Thanks!I hope to have fry so I can get more of these fish in the hobby.Right now theres not alot of people who know about them and they are quite pricey.Ima sell em for alot less,lol.


----------



## laxforlife

If you sell them for alot less i would probably buy some. I saw some on aqua bid for 40$ and was like no way.


----------



## majerah1

$40.00 is much cheaper than many places.I have seen a pr go for about $180.00.

But I will be selling them most likely $30 a pr plus shipping.Thats not bad seeing as many halfmoons go for the same.That of course depends on if Mr.fish decides to hold this time.He was still cheeky when the lights went of,so we will see in the morning.


----------



## laxforlife

Mr. Fish better be a superb father. I would deff buy a pair for 30$. How are you keeping them? Do you have peat too soften the water?

DJ


----------



## majerah1

They are kept in a 29 gallon tank,filtered by a canister filter.The substrate is peat with gravel over it.It doesnt really soften the water too much as I do too many changes,haha.They get weekly 50% waterchanges because the EI dosing.Tap water,no RO.I intend for these guys to be pretty easy to keep so I am not jumping through hoops.The parents of my pair were wild caught but they were slowlyy acclimated to tap wter and these guys were brooded and raised in PH 7.5.My PH is 6.5 naturally.

So far the male and female are still both holding,lol.Not sure how long she will hold as most females wont.Im surprised she has held this long and she isnt trying to pass to the male anymore.

I have been reading more and more on these.They say if they pass day six,then the chances to hold full term are about 90%.Soooo,he has four days to go!

He keeps coming to the glass watching me,and I talk to him.he seems ok with it,like hes saying"looky what I have,is it ok?"I tell him hes a good fishy and Im proud of him,lol.

Wonder,do pep talks work with fish?


----------



## laxforlife

Ohhh cool so your trying to make them hardy for the hobby. That's really cool. Lol watch in 10 years we find out fish can understand our language lol. Mr.

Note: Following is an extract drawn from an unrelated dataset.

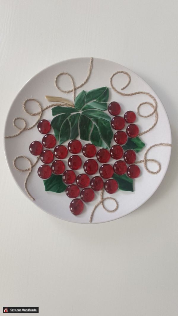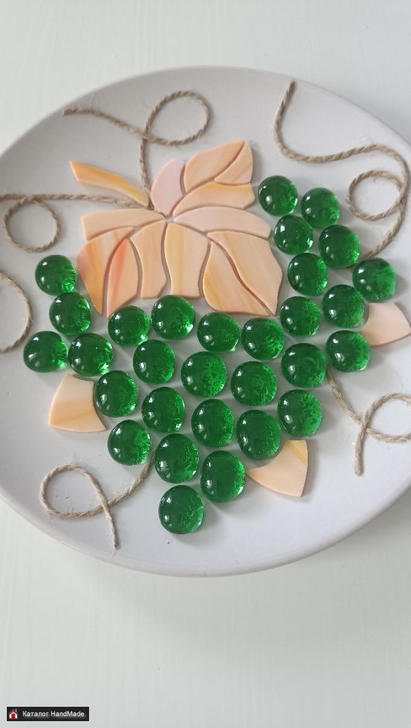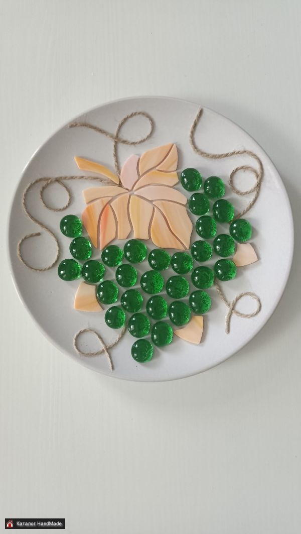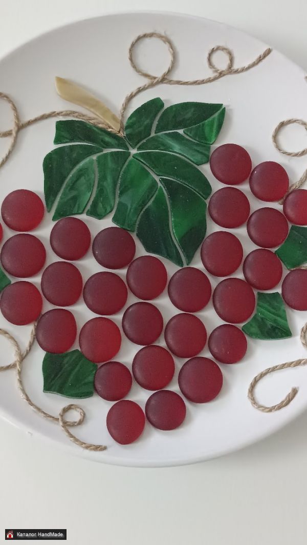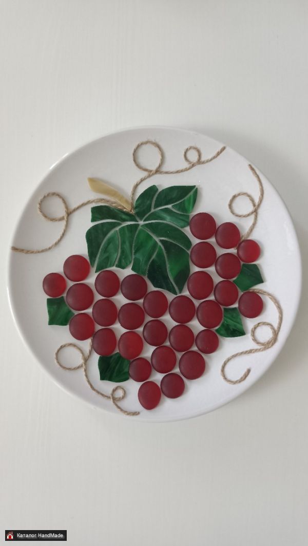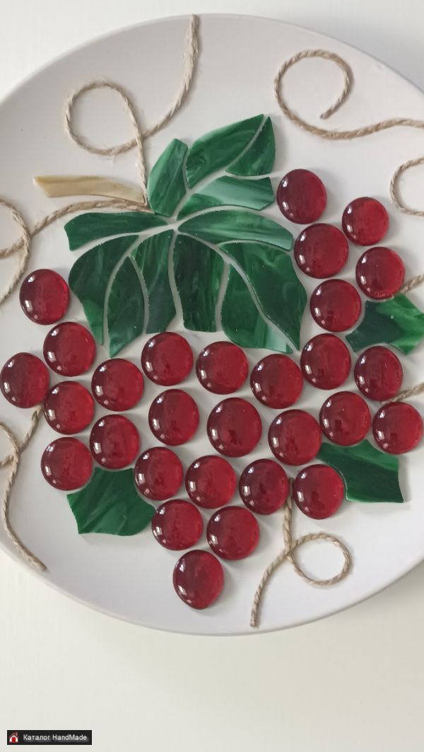 Декоративное панно ручной работы Виноград выполнено из экологически чистых материалов. Керамика, стекло цветное витражное.

Fish : Hey Maj remember my first brood I really liked the pep talk lol


----------



## majerah1

Hahaha!It would not surprise me in the least.
I have got two different bloodlines,from two different people.One was raised in ten gallon tanks with a sponge filter(the pair that I am spawning)and one was raised in a plastic strarlite container full of plants and basically left alone for days on end.I think the main issue is wild caught are handled roughly.They are already kinda weak from parasites found naturally in their waters,and the addition of being caught in a net and thrown in a bag with tons of other fish,then carted to a mart and such.They basically have the same tank needs as any other fish in the hobby.

Also being illegal to own or catch in Brunei add to the rarity,lol


----------



## laxforlife

Lol Maj has illegal fish . Well honestly goodluck, i hope the best for your beautiful pair.

DJ


----------



## majerah1

Thanks!

 These are Sarawak strains,so Im good.Brunei have more intricate tail patterns,and more black on the body.


----------



## laxforlife

Pheww thought the Brunei secret service were going to kill you over a fish lol


----------



## majerah1

Hahahaha!

I just saw a very strange thing.The male has been hanging out close to me,but I have seen him a few times swim off,then come back.Wll, this time I watched him to see what saw up.First it started with him by me,swishing the eggs.i could kinda see one in his mouth,how cool!

Well then he went over to the driftwood and spat out all the eggs.He then started to pick them back up,lol.I wounder if he is weeding out the bad or what?Anyhow the female is also trying to pick up some of the fallen eggs.Who knows with these fish.

Ive never heard of them doing this so It will be interesting to see the outcome.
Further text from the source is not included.